If you've had blood work done in the past 3–6 months through your primary care doctor, that often works. Share the results and your physician will determine if they're sufficient or if additional testing is needed.
Lab costs: $100–300 depending on what's needed. Some providers include basic labs. Others give you a requisition for a local lab like Quest or Labcorp. Either way, factor it into your cost planning.
Step 4: Your Protocol Is Built
Once your physician has everything they need — your health assessment, any necessary lab work — they build your personalized protocol. This includes:
- Which peptide(s) you'll take
- The dosage and frequency
- How to administer it (most are subcutaneous injections — a small needle in the belly fat, similar to what diabetics use for insulin)
- Expected timeline — when you should start noticing effects and when to follow up
- What to watch for — normal initial side effects vs signs that something needs attention
Your physician will explain all of this clearly. If you have questions — about the injection process, about side effects, about alternatives — this is the time to ask. Good physicians welcome questions. They'd rather you understand your treatment than just nod along.
Step 5: Your Medication Ships (2–4 Days)
Your prescription goes to a licensed US pharmacy. They compound it according to USP standards in a certified clean room. It gets tested for purity, potency, and sterility. Then it ships directly to your door.
What arrives:
- Your medication (typically a vial or pre-filled syringe)
- Injection supplies (syringes, alcohol swabs) if applicable
- Clear instructions on storage, reconstitution (if needed), and administration
Most peptides need refrigeration. Your package will come with appropriate cold packaging to keep it stable during transit.
Step 6: Starting Treatment
Your first injection can feel intimidating if you've never self-injected before. That's normal. Here's what most patients report:
- The needle is small — much smaller than what you see at a blood draw. 30- or 31-gauge, about half an inch long.
- Most people feel a tiny pinch or nothing at all.
- It takes about 30 seconds once you get the hang of it.
- After the second or third time, it feels routine.
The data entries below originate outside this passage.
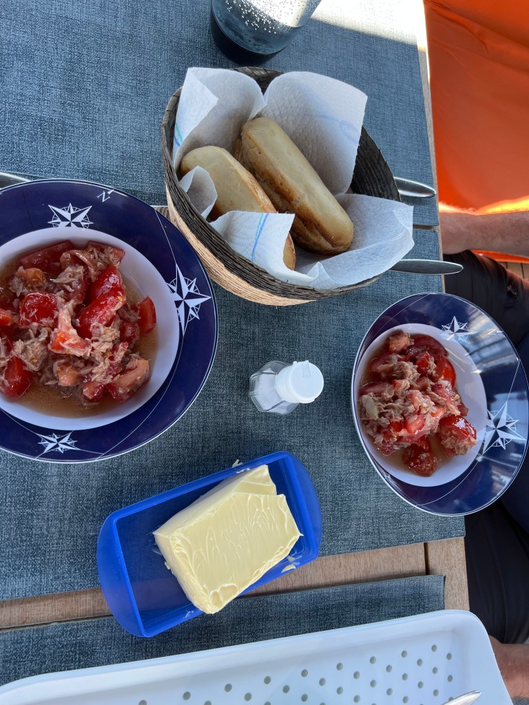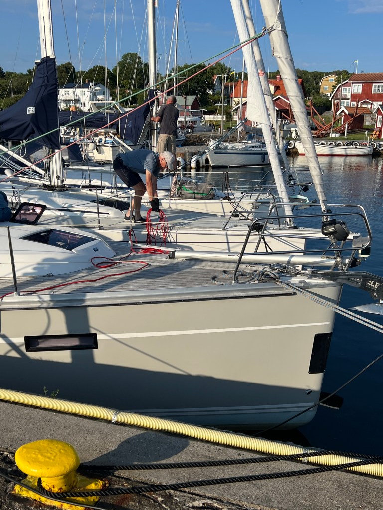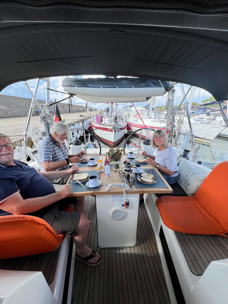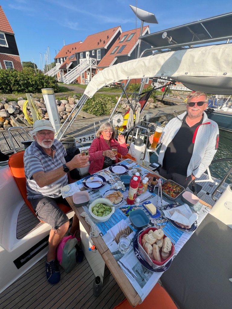 Wir sind heute morgen wach geworden und? Richtig der Sommer schaut wieder vorbei. 😎 Gestern Abend hat sich Ruth von der Finnale gemeldet und uns mit geteilt, das der Kurs nach Simrishamn morgen also heute für Sie ungünstig ist und ob wir uns nicht auf Hanö treffen wollen. Da brauchten wir nicht lange überlegen, klar bleiben wir hier, wir freuen auf ein Wiedersehen. 😃
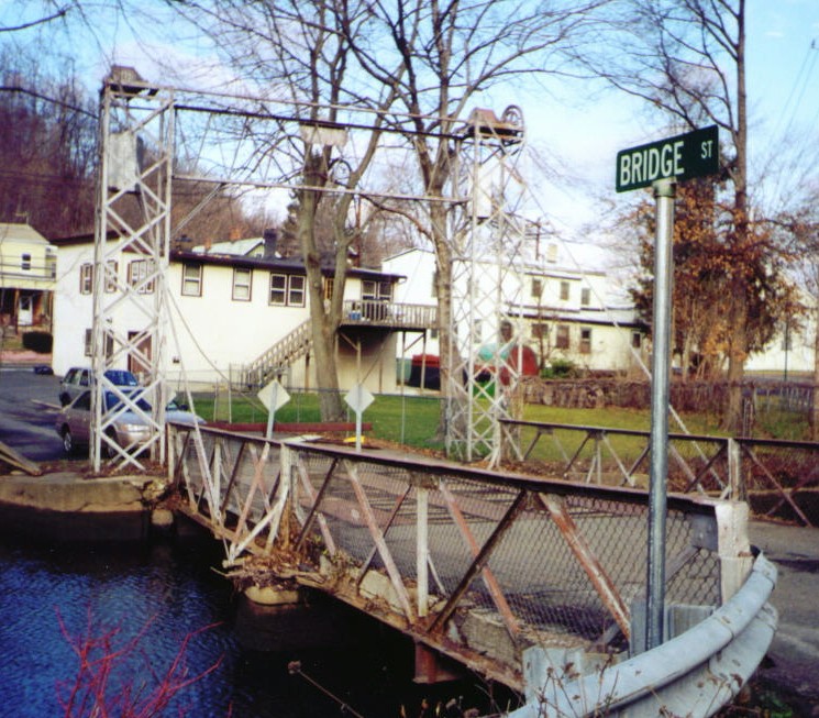 There are two other King-built moveable bridge still standing in the Metropolitan New York Region. The first is the Old “New Bridge” crossing the Hackensack River in River Edge, New Jersey, not far from the George Washington Bridge, at the site of the Steuben House historical center. This is a Pratt low-truss swing bridge built by the company in 1889 using channel iron furnished by its sometimes rival, the Phoenix Bridge Company of Pennsylvania. It is the oldest such structure in New Jersey and has recently been refurbished by Bergen County. It is listed on the National Register of Historic Places. The second is farther north in Rockland County, New York, at Piermont on the Hudson River. This is a small lift bridge across a narrow canal that once was used for barge traffic. It was built in 1890 and is used now only for bicycle and pedestrian traffic, but it still has its superstructure and lifting mechanism in tact, along with a prominently displayed builder’s plate.
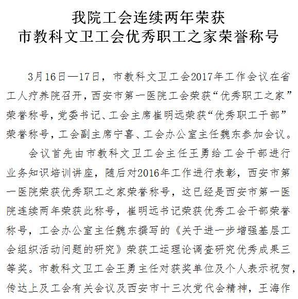 我院工会连续两年获市教科文卫工会优秀职工之家荣誉称号
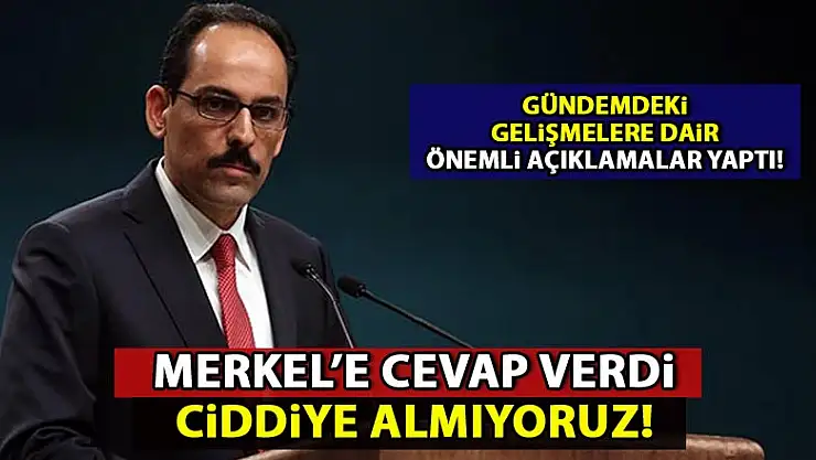 Cumhurbaşkanlığı Sözcüsü İbrahim Kalın, Merkel'in açıklamalarını seçim atmosferinde yaptığını düşündüklerini ve çok da fazla ciddiye almadıklarını söyledi.
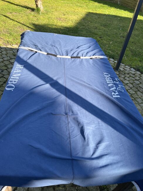 Verkaufe hochwertige Rambo Abschwitz-Decke der neuesten Generation mit integriertem Halsteil für kleinere Pferde, Größe S. 1 mal benutzt. Super Passform, durchdachtes Design. Original verpackt. Versand oder Abholung in Senden/Westfalen möglich, Neupreis 130 €

Your care team is available by message if you need guidance. Video instructions are provided. And if you really can't handle needles, ask your physician about oral or nasal alternatives — some peptides have non-injectable formulations.
Step 7: What Happens After
You're not on your own once treatment starts. Here's the ongoing relationship:
- Check-ins: Your care team follows up regularly — typically at 2 weeks, then monthly. They'll ask how you're responding, any side effects, whether you're seeing changes.
- Dosage adjustments: Your starting dose is often conservative. Based on how you respond, your physician may increase, decrease, or modify your protocol. This is normal medicine — the first prescription isn't always the final one.
- Lab monitoring: Follow-up labs may be ordered at 6–12 weeks to track changes and ensure safety.
- Messaging access: Have a question at 9 PM on a Tuesday? Send a message. Your care team responds, usually within hours during business days.
The Full Timeline
From start to medication in hand: about a week. Sometimes faster. If labs are needed first, add a few days for lab processing.
What If You're Not a Candidate?
It happens. And it's okay. Common reasons a physician might not prescribe peptide therapy:
- A medical condition that makes certain peptides unsafe (like personal or family history of medullary thyroid cancer for GLP-1s)
- Medications that could interact with the peptide
- Pregnancy or plans to become pregnant
- A condition that's better addressed by a different treatment entirely
If you're not approved, you won't be charged for medication. Your physician may suggest alternatives or recommend following up with your primary care doctor. Nobody's going to prescribe something that isn't right for you just to make a sale. That's the whole point of physician oversight.